Search code examples
cudaruntime-errorubuntu-12.04tesla

Disabled ECC support for Tesla C2070 and Ubuntu 12.04


I have a headless workstation running Ubuntu 12.04 server and recently installed new Tesla C2070 card, but when running the examples from the CUDA SDK, I get the following error:

NVIDIA_GPU_Computing_SDK/C/bin/linux/release% ./reduction 
[reduction] starting...

Using Device 0: Tesla C2070

Reducing array of type int

16777216 elements
256 threads (max)
64 blocks

reduction.cpp(473) : cudaSafeCallNoSync() Runtime API error 39 : uncorrectable ECC error encountered.

Actually, this error occurs with all other examples except "deviceQuery".

I'm using kernel 3.2.0, nvidia driver 295.41 and Cuda 4.2.9.

After a lot of searching found a suggestion to disable the ecc support by:

   nvidia-smi -g 0 --ecc-config=0

which worked. But the question is how reliable will be the GPU computing with disabled ecc support?

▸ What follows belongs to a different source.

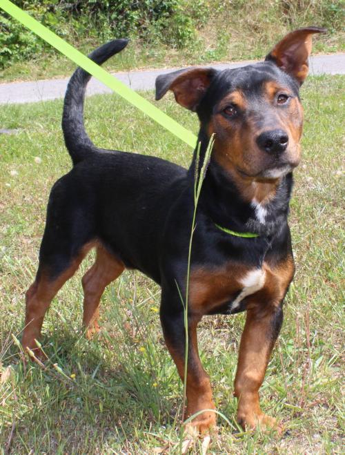 Flash is a 1-year-old male Basset Hound mix who has already been neutered. He came to PAHS as a stray from a neighborhood in Prattville and his owner never came looking for him. Flash’s short coat is super shiny! He is black with gorgeous brown markings. Check out those front feet–there’s some Basset Hound in this guy for sure! Flash currently weighs 31 pounds and he won’t get much bigger. He actually appears bigger than he is in his pictures. That’s why we left that blade of bahia grass in his first picture. You can see he is no taller than bahia grass! Since Flash is a stray we are still learning about him. We know he would be great in a home with children and other dogs. It just doesn’t get any cuter or happier than Flash. He is going to make an amazing family dog. Flash is available for adoption and waiting at PAHS for some lucky adopter!

Any advice, suggestion or solution will be highly appreciated.

-Konstantin


Solution

  • I'm wondering if this may be some sort of compatibility issue, rather than a bad card. I'm suffering from the same problem with a Tesla C2075, same Ubuntu version. We contacted nVidia and they told us that double-bit ECC errors (as seen using nvidia-smi -q in linux) meant that the card was probably broken. We obtained a replacement, but it has exactly the same issues.

    It seems unlikely that both the boards I have had are broken in the same way, so we're going to try it in another machine if we can find a suitable one.

    I'll post anything interesting that we learn.